• _WORK TASK_: What you return should be the full listing, copied exactly and stripped of its pictures.

---*---

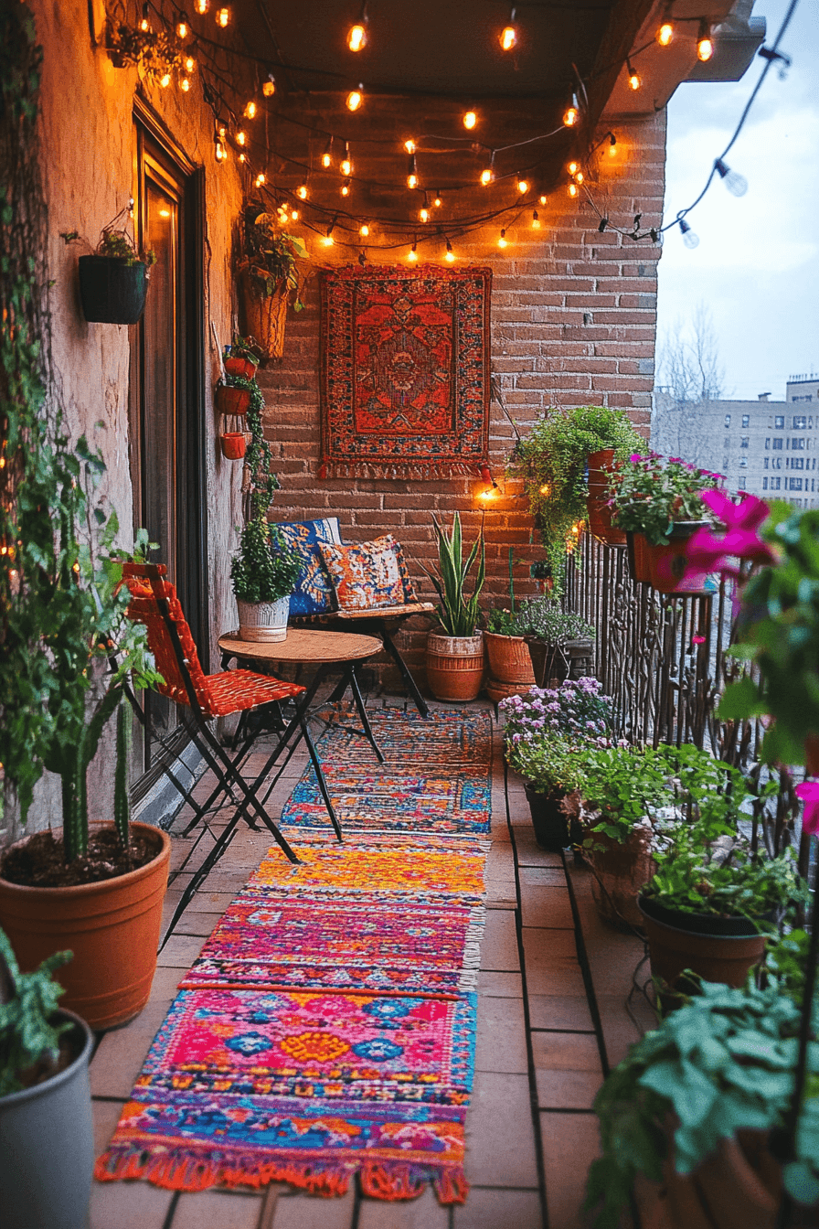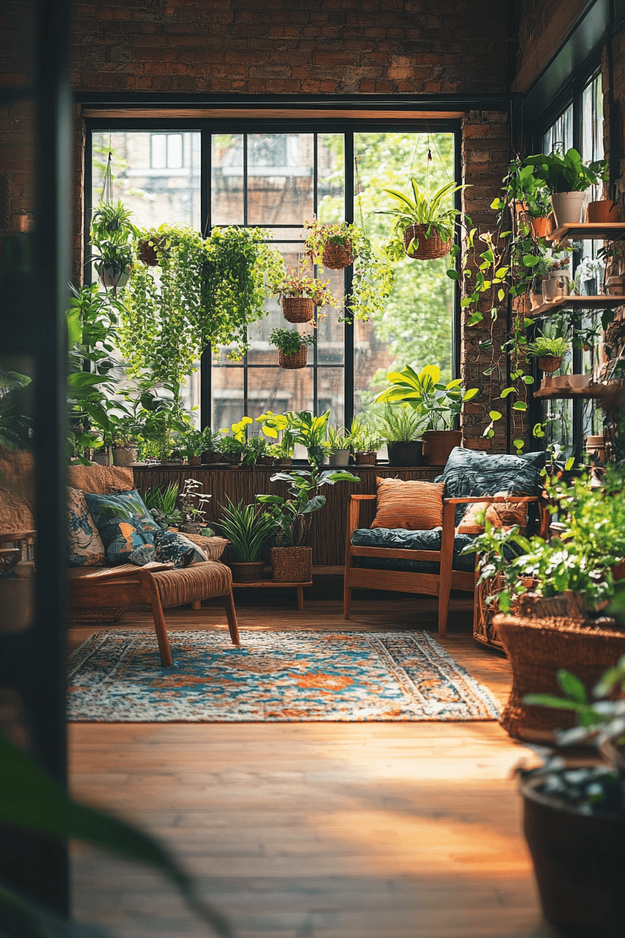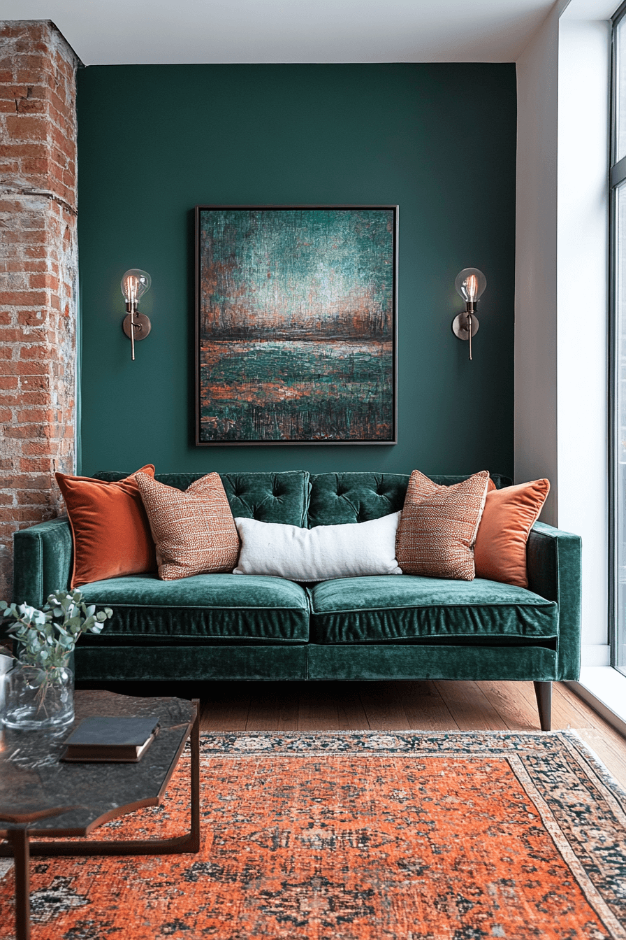 Bring energy with bright hues and lively prints. Colorful rugs, patterned pillows, and plants create an uplifting, dynamic atmosphere.
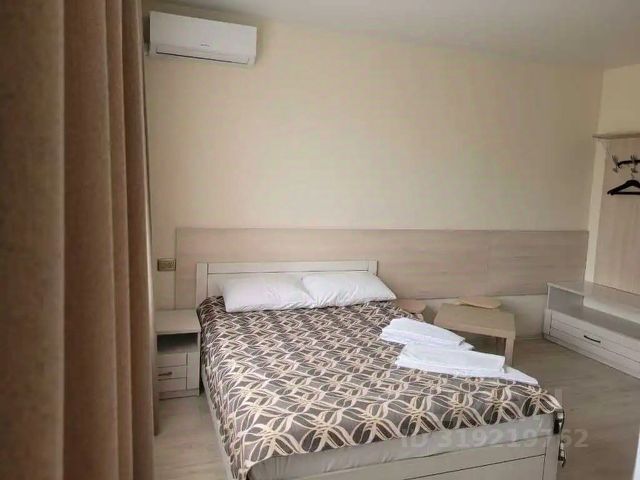 Спальные места: двуспальная кровать в комнате, раздвижной полутораспальный диван на кухне, манеж-кровать.
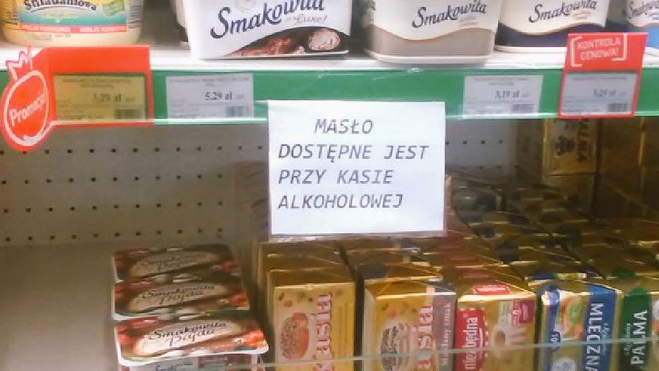 Stało się. Masło jak towar ekskluzywny, dostępne przy kasie alkoholowej
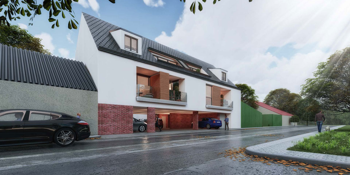 Die künftige Wohnhausanlage wird über die Pfarrgasse erschlossen und besteht aus zwei Gebäuden mit insgesamt 12 Wohneinheiten. Stiege 1 liegt direkt an der Pfarrgasse und besteht aus5 Wohnungen sowie Nebenräumen und Parkplätzen im Erdgeschoß. Hinter dem Innenhof mit Parkplätzen und Gärten liegt Stiege 2 mit 7 Wohneinheiten. Der Platzbedarf für die Nachrüstung eines Aufzuges wurde in der Stiegenspindel berücksichtigt.
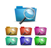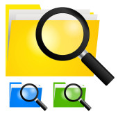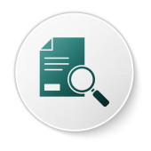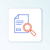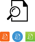 Czarny dokument z ikoną wyszukiwania na białym tle. Plik i ikona szkła powiększającego. Znak badań analitycznych. Zestaw ikon w kolorach kwadratowych przycisków. Ilustracja wektora.
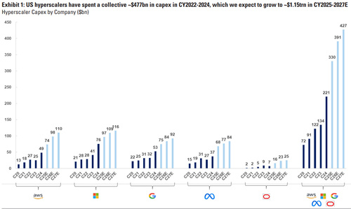2. 美國一些巨型公司似乎進入了“賺大錢非常容易”的癲狂狀態,並在利潤支持下,大幅增加資本開支狂投AI。圖為美國五大雲計算平台公司的資本開支,亞馬遜、微軟、谷歌、Meta、甲骨文。2022-2024年,五家公司資本開支4770億美元,而2025-2027年預計增長至1.15萬億美元。正是這些公司的數據中心大訂單,將英偉達頂成了全球公司市值第一。
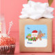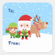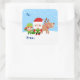 Pegatina Cuadrada Santa, el elfo y los renos hacia y desde
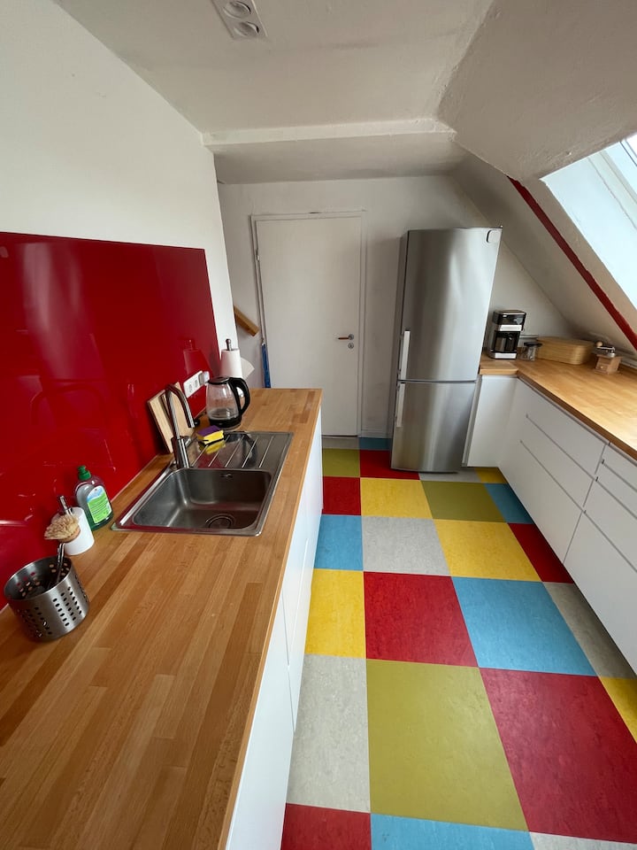 Un espace commun avec wifi, bien aménagé pour travailler.
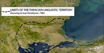 The Thracian language or languages were spoken in what is now Bulgaria,[8][9] Romania, North Macedonia, Northern Greece, European Turkey and in parts of Bithynia (North-Western Asiatic Turkey).
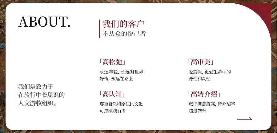 12年的创业把我们历练成了拥有人文理想主义的实力派。“旅行不能改变世界,却能改变看世界的眼睛”已经成为刻入骨子的使命。
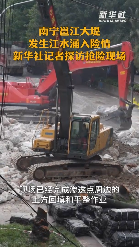 據了解,截至9日8時,廣西南寧邕江大堤內堤塌陷部分已完成初步封堵,目前正對外堤豁口進行混凝土澆筑工作。
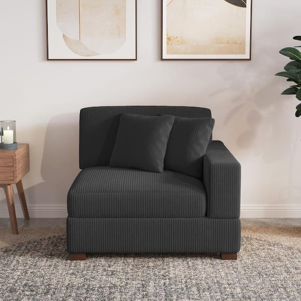 Modern Right Arm Facing Gray Corduroy Fabric Sectional Corner Arm Chair with 2-Pillows(Set of 1)
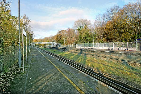 Crowhurst station looking north-west from platform 1 in November 2013. The bay lines are behind the fence on both sides. Photo by Nick Catford
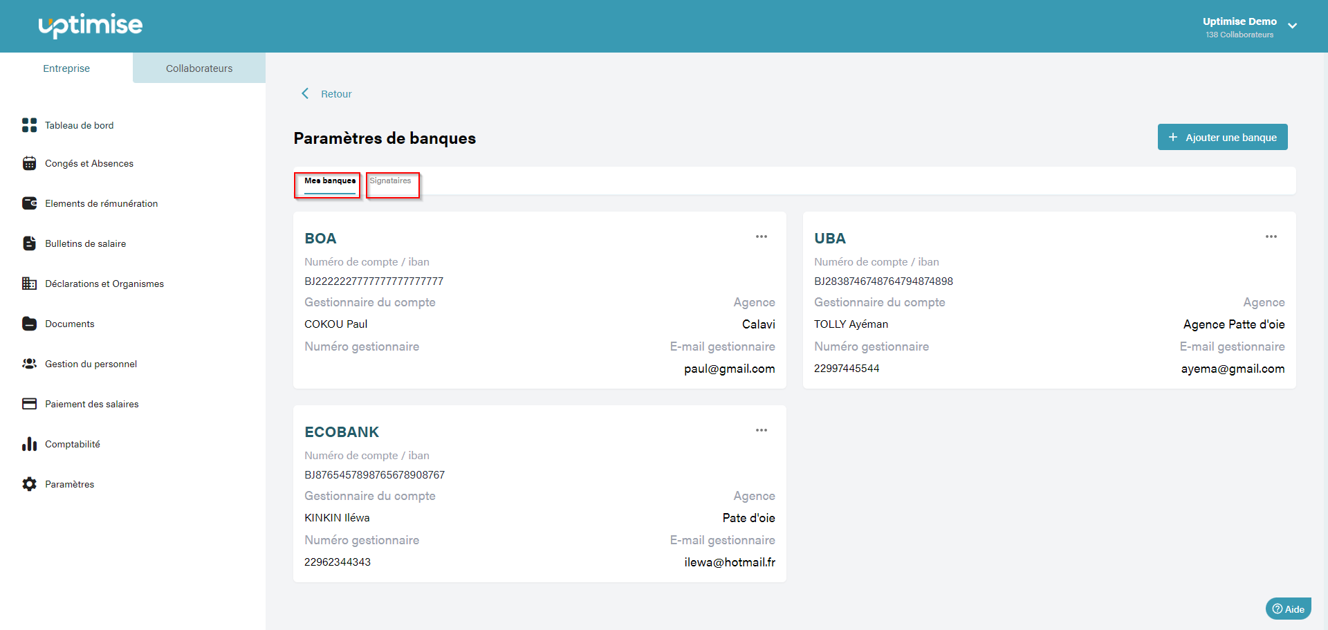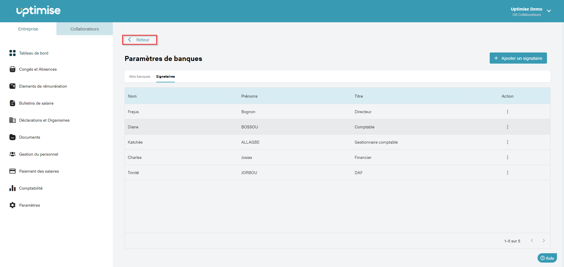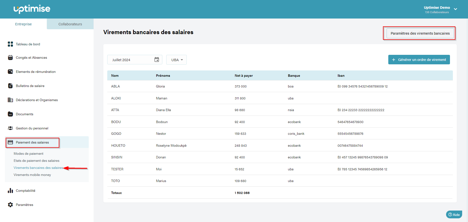 En suivant ces étapes, vous pouvez facilement générer un ordre de virement sur la plateforme Uptimise, assurant ainsi une gestion fluide et rapide des paiements de vos collaborateurs. N'oubliez pas de bien paramétrer vos banques et signataires lors de la première utilisation afin de garantir que toutes les informations nécessaires soient en place pour des virements sans erreur. Si vous rencontrez des difficultés, le service d'assistance Uptimise est à votre disposition pour vous accompagner.
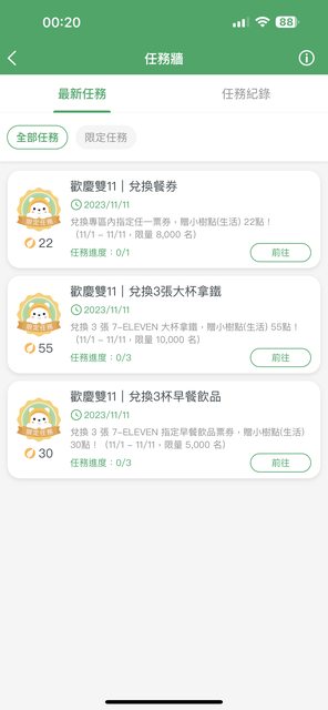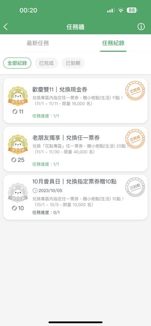 手機發文+首Po排版請見諒QQ 今天看到app彈出任務通知, 兌換專區內指定任一票券可贈點(有分現金券跟餐券), 我自己是換了現金券而已(最低100):全家購物金100元-贈小樹點11點, 另外有一個老朋友獨享任務贈25點也同時達成(不確定是否分眾), 現金券種類也蠻多可以選自己用得到的~ https://i.imgur.com/XUL88Ss.jpg
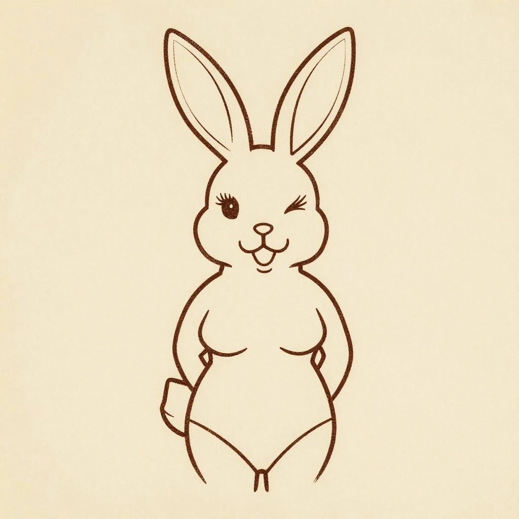 Playboy bunny outline, vintage hand-drawn style with slightly rough textured lines, warm sepia tone background, nostalgic and classic feel, elegant and timeless illustration, fine line work emphasizing simplicity and charm
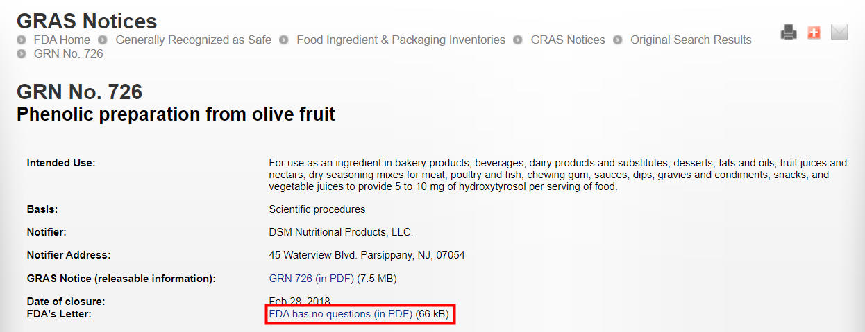 FDA GRAS (GRN No.726) | 橄榄果的酚类制剂 | 2018年2月28日 | DSM Nutritional Products, LLC. | |

---*---

• _TASK RESPONSE_:
 Bring energy with bright hues and lively prints. Colorful rugs, patterned pillows, and plants create an uplifting, dynamic atmosphere.
 Спальные места: двуспальная кровать в комнате, раздвижной полутораспальный диван на кухне, манеж-кровать.
 Stało się. Masło jak towar ekskluzywny, dostępne przy kasie alkoholowej
 Die künftige Wohnhausanlage wird über die Pfarrgasse erschlossen und besteht aus zwei Gebäuden mit insgesamt 12 Wohneinheiten. Stiege 1 liegt direkt an der Pfarrgasse und besteht aus5 Wohnungen sowie Nebenräumen und Parkplätzen im Erdgeschoß. Hinter dem Innenhof mit Parkplätzen und Gärten liegt Stiege 2 mit 7 Wohneinheiten. Der Platzbedarf für die Nachrüstung eines Aufzuges wurde in der Stiegenspindel berücksichtigt.
 Czarny dokument z ikoną wyszukiwania na białym tle. Plik i ikona szkła powiększającego. Znak badań analitycznych. Zestaw ikon w kolorach kwadratowych przycisków. Ilustracja wektora.
2. 美國一些巨型公司似乎進入了“賺大錢非常容易”的癲狂狀態,並在利潤支持下,大幅增加資本開支狂投AI。圖為美國五大雲計算平台公司的資本開支,亞馬遜、微軟、谷歌、Meta、甲骨文。2022-2024年,五家公司資本開支4770億美元,而2025-2027年預計增長至1.15萬億美元。正是這些公司的數據中心大訂單,將英偉達頂成了全球公司市值第一。
 Pegatina Cuadrada Santa, el elfo y los renos hacia y desde
 Un espace commun avec wifi, bien aménagé pour travailler.
 The Thracian language or languages were spoken in what is now Bulgaria,[8][9] Romania, North Macedonia, Northern Greece, European Turkey and in parts of Bithynia (North-Western Asiatic Turkey).
 12年的创业把我们历练成了拥有人文理想主义的实力派。“旅行不能改变世界,却能改变看世界的眼睛”已经成为刻入骨子的使命。
 據了解,截至9日8時,廣西南寧邕江大堤內堤塌陷部分已完成初步封堵,目前正對外堤豁口進行混凝土澆筑工作。
 Modern Right Arm Facing Gray Corduroy Fabric Sectional Corner Arm Chair with 2-Pillows(Set of 1)
 Crowhurst station looking north-west from platform 1 in November 2013. The bay lines are behind the fence on both sides. Photo by Nick Catford
 En suivant ces étapes, vous pouvez facilement générer un ordre de virement sur la plateforme Uptimise, assurant ainsi une gestion fluide et rapide des paiements de vos collaborateurs. N'oubliez pas de bien paramétrer vos banques et signataires lors de la première utilisation afin de garantir que toutes les informations nécessaires soient en place pour des virements sans erreur. Si vous rencontrez des difficultés, le service d'assistance Uptimise est à votre disposition pour vous accompagner.
 手機發文+首Po排版請見諒QQ 今天看到app彈出任務通知, 兌換專區內指定任一票券可贈點(有分現金券跟餐券), 我自己是換了現金券而已(最低100):全家購物金100元-贈小樹點11點, 另外有一個老朋友獨享任務贈25點也同時達成(不確定是否分眾), 現金券種類也蠻多可以選自己用得到的~ https://i.imgur.com/XUL88Ss.jpg
 Playboy bunny outline, vintage hand-drawn style with slightly rough textured lines, warm sepia tone background, nostalgic and classic feel, elegant and timeless illustration, fine line work emphasizing simplicity and charm
 FDA GRAS (GRN No.726) | 橄榄果的酚类制剂 | 2018年2月28日 | DSM Nutritional Products, LLC. | |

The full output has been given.